Après d'autres balades et un dernier tour au panoramico qui nous permet d'admirer toute la vallée vers Trinidad avec les montagnes derrière nous et la mer au loin, nous rentrons pour un petit break avant la dernière soirée à Trinidad. La Lada est plus à son aise en descente, bien que le frein moteur soit utilisé abondamment par le chauffeur et que le pot claque aussi fort que ceux des voitures du Paris-Dakar.

En soirée, el hombres se séparent des filles. Nous avons pour double missions de 1) récupère du liquide au distributeur, 2) trouver un transport pour neuf avec bagage pour la Havane demain 8h et 3) ramener des bidons d'eau. Les filles nous font comprendre que les trois tâches ne forment qu'une double mission afin d'éviter de complexifier trop, le cerveau mâle étant, comme chacun sait, peu performant pour les tâches multiples. La mission des filles est de trouver un bar à Mojitos en nous attendant.

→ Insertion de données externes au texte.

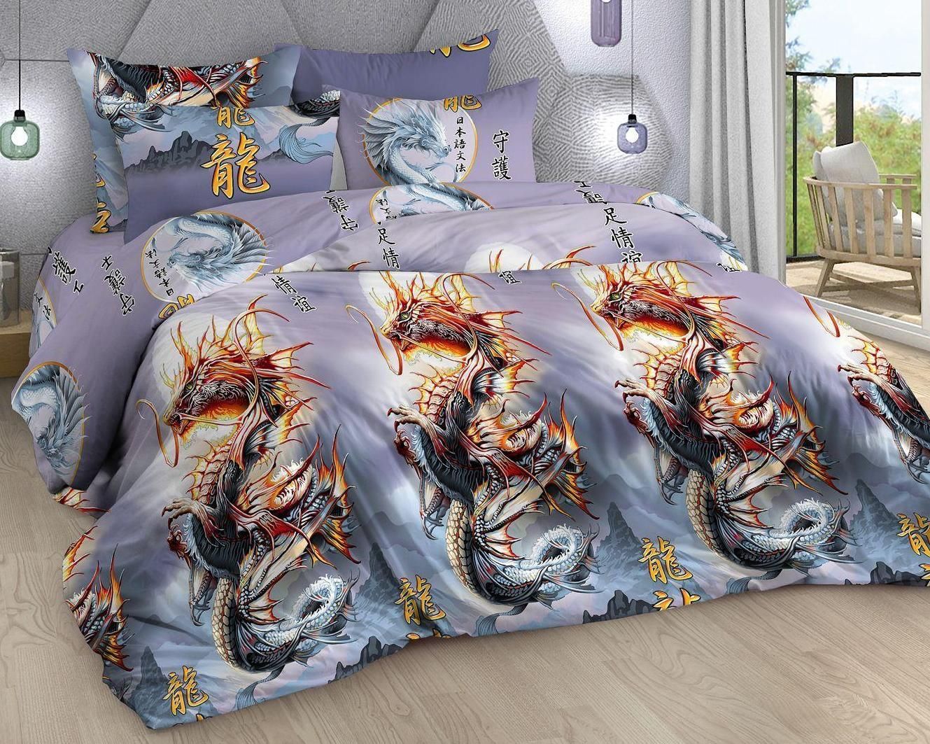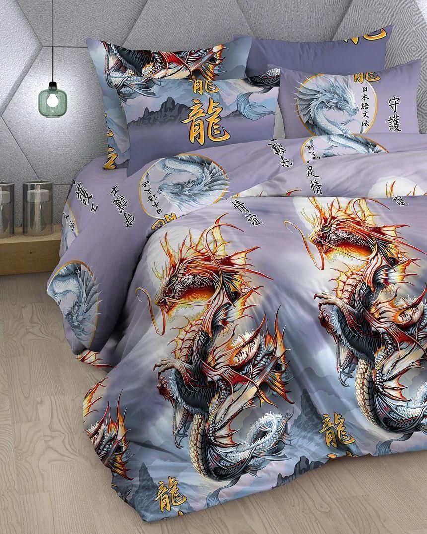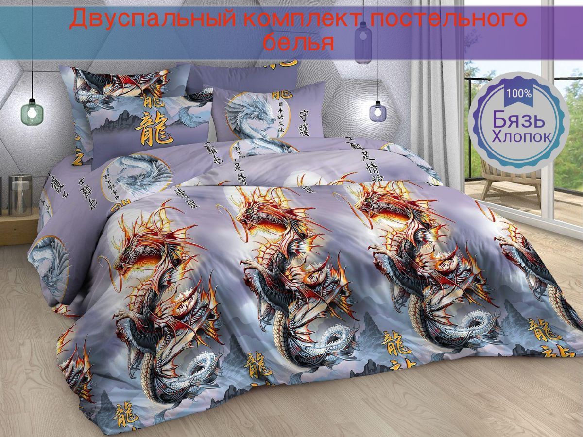 Деревянный Дракон ценит ярких, уверенных в себе, жизнелюбивых личностей, таких, каким является и он сам. Двуспальный комплект постельного белья «Год дракона» с ярким принтом символа года подарит спокойный сон и прекрасный отдых. Комплект выполнен из бязи (состав:100% хлопок) плотностью 125 гр/кв.м. Состав комплекта: пододеяльник, простыня и наволочки сшиты из ткани с основным рисунком. Пододеяльник: 215х175 - 1 шт. Простыня: 175х218 - 1 шт. Наволочки: 70х70 - 2 шт.

Grâce à nos instincts de prédateurs nous dénichons rapidement les distributeurs. Ça merde un peu : il y a deux distributeurs, nous sommes deux, chacun ayant deux cartes bleues et les deux codes associés. L'un des distributeurs ne distribue pas. L'autre pas plus que 150 CUC à la fois. Il faut imbriquer l'ensemble mais on mélange un peu tout, codes, cartes, montant à retirer, distributeurs, et nos pauvres cerveaux fument. En puisant au fond de nos ressources, on y parvient cependant, du moins partiellement, le plafond de retraits de certaines cartes ayant été dépassé.

Nous nous apprêtons à attaquer la seconde mission. Quelques rues plus loin un gars nous interpelle "taxi collectivo ?" et on s'apprête à s'arrêter pour discuter quand on entend des voix familières dire "si, si, estos nuestros hombres !". Les 7 filles débarquent alors en rigolant et blaguent avec le gars nous ayant interpellé. Elles viennent en fait de discuter un long moment avec lui et ont pratiquement terminé la transaction. Rodés comme nous sommes, tous les points de détails ont été réglé (vraiment 9 vraies places + bagages ?). Le Cubain parle anglais, nous raconte sa copine d'Annecy qui a passé deux ans ici, qu'il n'a plus revue depuis deux ans, qu'il devrait rejoindre en France peut-être en Avril. Il est un peu triste ce soir car El Real de Madrid vient de perdre 3-0 contre le Barca. Il hallucine quand on lui explique qu'on habite à l'OL, futur adversaire du Barca, à côté d'Annecy. On blague un peu et concluons sur le rendez vous du lendemain à l'hôtel, qui nouvelle coïncidence est celui de son amigo avec qui il juega al fùtbol. Le football est définitivement le ciment des peuples.

Nous concluons la soirée en terrasse à l'étage, en dégustant au son de compay secundo, un breuvage local typique dont vous avez probablement déjà deviné le nom. Le soir avant de dormir, sur la terrasse de l'hôtel, on discutera un petit moment avec un vieux monsieur, le propriétaire peut être, qui semblait bien content de bavarder. Il nous expliquera qu'il est issu d'une famille de 22 enfants (una sola madre), vivant sans électricité, sur un sol en terre et un toit en quelque chose que nous n'avons pas compris mais qui ne semblait pas être du marbre.